Pivot was founded at the old VANDU office on the corner of West Hastings and Cambie Street. “He came in and said, ‘Hello, my name’s John Richardson,’” Livingston recounts. Richardson told her a story about a walk he had recently taken through the Downtown Eastside, hoping to recover a stolen CD player. Faced with the neighbourhood’s poverty, Richardson felt he couldn’t turn away without trying to help.
“This is a social-justice issue,” Livingston remembers Richardson saying. “This is just fucking nuts!”
Dean Wilson was also there at VANDU that day. “It was a Friday afternoon,” he says. “It was, like, ten minutes to five and we were trying to wrap up for the day when he walked in. I looked at him, and I thought he was just another junkie.”
Richardson explained that he was actually a lawyer, which made Livingston’s ears perk up. “He said he wanted to use strategic litigation to advance this movement, this civil rights movement,” she says. “And I said, ‘Good.’”

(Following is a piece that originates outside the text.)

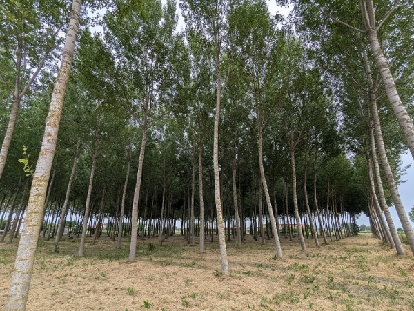 Windswept hybrid poplar plantation surrounded by a cornfield in the Vento region of Italy. (Photo Credit: David MacFarlane)

Over the years, plenty of well-meaning people had offered to help VANDU in one way or another. After an initial pledge of support, it was rare Livingston ever saw them again. “But he never flaked out,” she says.
Richardson had identified a need for legal services in the Downtown Eastside. Then he’d asked around for who might be interested in working with him on that. Livingston’s name was the one that kept coming up.
She was “eternally radical,” is how Richardson describes his first impression of her.
At the VANDU office, Richardson held monthly meetings with drug users. He brought food and they called them “pizza parties.” He also brought a number of other lawyers as rotating guest speakers. A process of reciprocal education took shape. Drug users and VANDU members living on the street or in the Downtown Eastside’s crummy hotels shared stories of persecution and police brutality—stories of such flagrant abuse of authority that at first Richardson and his lawyer friends had trouble believing them. In exchange, the lawyers answered VANDU’s questions and taught members about their basic civil rights.
After a few months of pizza parties, Livingston recounts how the meetings grew more focused. She pulled out her big white chart paper and returned to the basic organizing tactics that had worked so well for her since her Back Alley days. “We asked, ‘What are the issues in this neighbourhood?’” Livingston remembers. “‘What’s going to make the biggest difference with very limited resources? What should we do?’ And what came out of it was this raw, unignorable problem: the cops.”
Notes from these early Pivot meetings at VANDU actually show that four key issues were adopted as official areas of focus: drug addiction, sex work, homelessness, and police accountability. But it was problems with the cops that emerged as the most pressing.
Richardson and the lawyers he brought to VANDU were utterly shocked by the stories they heard there. Someone would tell a story about an incident where they had sworn at a police officer and then were physically assaulted. Then other VANDU members would laugh, saying things like, “You cussed him, of course you’re going to get hit.” Richardson explains that literally not one of the drug users there was aware that a police officer was not allowed to respond to verbal abuse with a physical assault.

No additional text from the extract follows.